As soon as everyone is doing something, the trend is over.
People make money through 'investments' by selling/promoting them, and fooling people into thinking that
the 'investment' is a good one. Nearly all ideas pushed like this are bad, but not as bad as the bad stuff, so look the best to people.
It only then need a small push in marketing to make them seem positively _good_.
So many people crow in a pub about how much their house is worth, but often, when calculated, taking into account interest, repairs etc,
they all have gone backwards. It's cost you to live there. The unique fact about houses is you can compare that figure to what you would have spent in rent,
and it's worth doing because you have to live somewhere....
Personal pensions are a good idea merely because some money exists at the end, rather than having been frittered away.
Once again, the pension companies take a big whack. You don't actually profit. You were just forced to change your behaviour.
If you do the same with the concept of having bought a coin a month instead of having a pension.
it's easy to find coins that have lost in real terms over 30 years.
Mainly the 'rare' ones that everyone knows. There's the rub- 'everyone knows'.....to make future genuine profit,
takes calculated risk. You hunt down future rarities- what will suddenly become the new variety to look for, before everyone else is.
People can't / don't want to take calculated risks with their money, so they pay other people to do it.

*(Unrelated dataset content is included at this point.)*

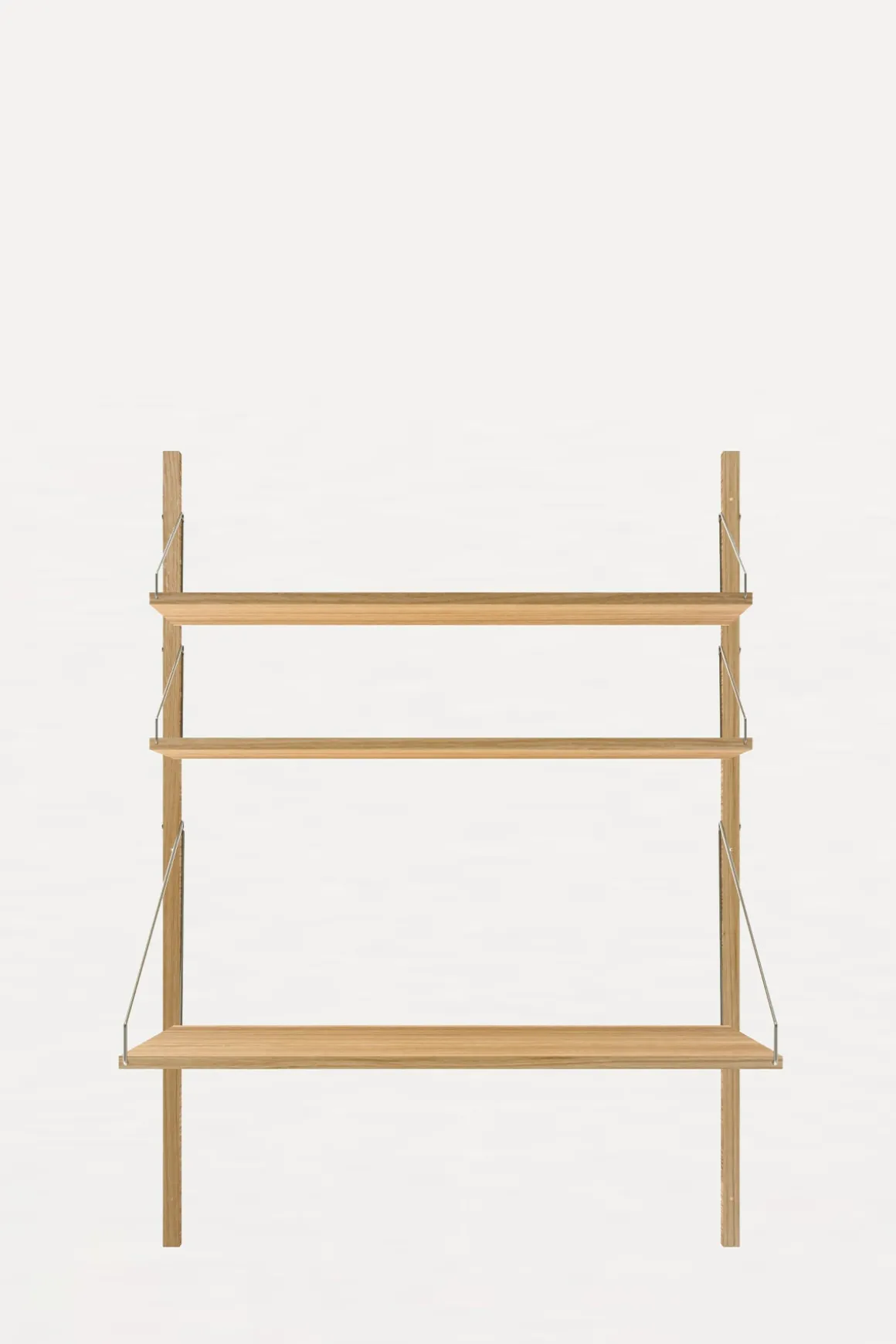 Velkjente Library Shelf komplett hyllesystem med en bredere hylle/kontorpult fra Frama i naturlig, oljet, heltre eik. Karakterisert av et modulært system og festet med solide stålskruer-og braketter på solide skinner i eik, kan hyllene enkelt plasseres og styles om på en rekke måter. Dette allsidige hyllesystemet egner seg til ethvert rom med sitt minimalistiske og stramme design, og kombinasjonen av rustfritt stål og lun, oljet eik passer perfekt inn i de skandinaviske hjem. Library Shelf er enkel å montere, og hver enkelt hylle kan holde ca. 15 kg (avhengig av veggmateriale og montering). Systemet er svært fleksibelt, og hver hylle kan flyttes rundt og tilpasses med tilleggsprodukter fra samme serie.

The other people are therefore the only ones making anything.
You don't need coins to live, but to get more than just enjoyment from collecting, i.e. getting a future return requires canny thought,
which nearly always, first up, involves ignoring ALL 'pushed' product. The people selling such coins are the ONLY ones making money out of it.
Every time I get an offer of future riches from someone who wants me to join them in some scheme or other, I always ask them why they don't just do it quietly on their own,
and keep all the profit, rather than giving some away.
Moral? Find your _own_ future rarities at the bottom of a tin of cheap coins. I haven't spent 10% of my collection's current value to obtain it.
That'll do, and I have the fun and satisfaction of the hunt as well, which you don't get from paying other people large markups to sell you heavily advertised stuff.
I could sell all my audio gear I've collected over 30+ years, and make a killing. This would knacker up my future earnings.
If I did that, and I bought loads and loads of coins from the RM or LCA for example, for sure I could do some glorious posting
of the 'look what I've got' variety, but in the long run I'd have a bleaker retirement.
If that's what you enjoy, and you find it keeps you sane and happy, and you can afford it, then fine. Do it.
I know that me drinking different expensive beers and whiskies, and eating different expensive cheeses, ain't gonna make me rich in the future, but I still do it....
"It's a penny for your thoughts, but you have to put your 2¢ in. ............ Some guy's making a penny." - Steven Wright.